Hello, how are you, g’day and welcome to you! This post is part of a series I’m working my way through in the month of October, called Swim Your Own Race. If you’d like to start at the beginning (it is a very good place to start, after all) you can do so, right here. I hope you enjoy diving in!
_______
Some of you (maybe three of you…) might remember the days when I was writing With Love, From Here, and here was South Africa. If so, you might remember a post I wrote way back then about my Genesis making an Exodus… when a section of my Bible quite literally came out at the seams. I wrote Thomas Nelson Publishers to tell them about their wonderful Bible I’d loved so dearly and to see if they might be willing to send a new one to a missionary on a tight budget. A new one arrived, halfway round the world, before I could say supercalifragiliciousexpialidocious. And I can say that very quickly.

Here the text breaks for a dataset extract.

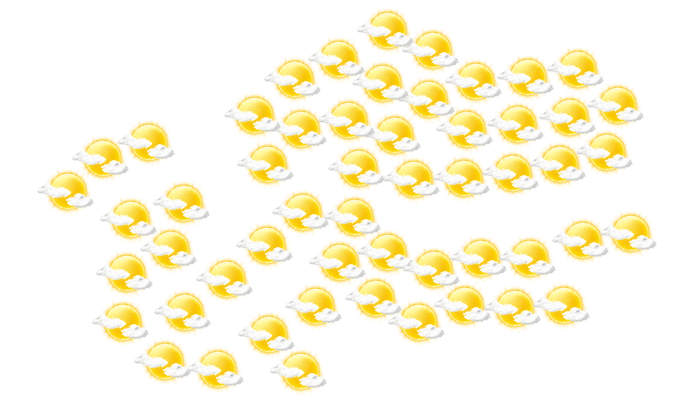 In Nioro du Rip gibt es am Tag überwiegend blauen Himmel mit vereinzelten Wolken bei Werten von 18 bis zu 35°C. Nachts verdecken einzelne Wolken den Himmel bei Tiefsttemperaturen von 17°C.

Thanks again, Thomas Nelson… still enjoying the new Women’s Study Bible!
My biggest sorrow in moving on to a new Bible (although I still have the old one) was that I was losing the margins. The New King James Version of the Bible is going to say the same thing, whichever NKJV Bible you pick up. But that first one had loads of glorious space in the margins that I absolutely loved. When I took notes on something in the Scriptures that I wanted to remember to go back to, I had a little system to indicate which journal the notes were in, and the date, so that I’d be able to go back to find them. I had loads of thoughts and revelations and connections between Scriptures jotted right there in those big, wide margins. I loved coming across a Scripture that the Lord had led me to before, and remembering His faithfulness at that point in my life, giving thanks for what He had done again.
Those big, wide margins were like a blank slate, inviting me to dive in and make the Word my own.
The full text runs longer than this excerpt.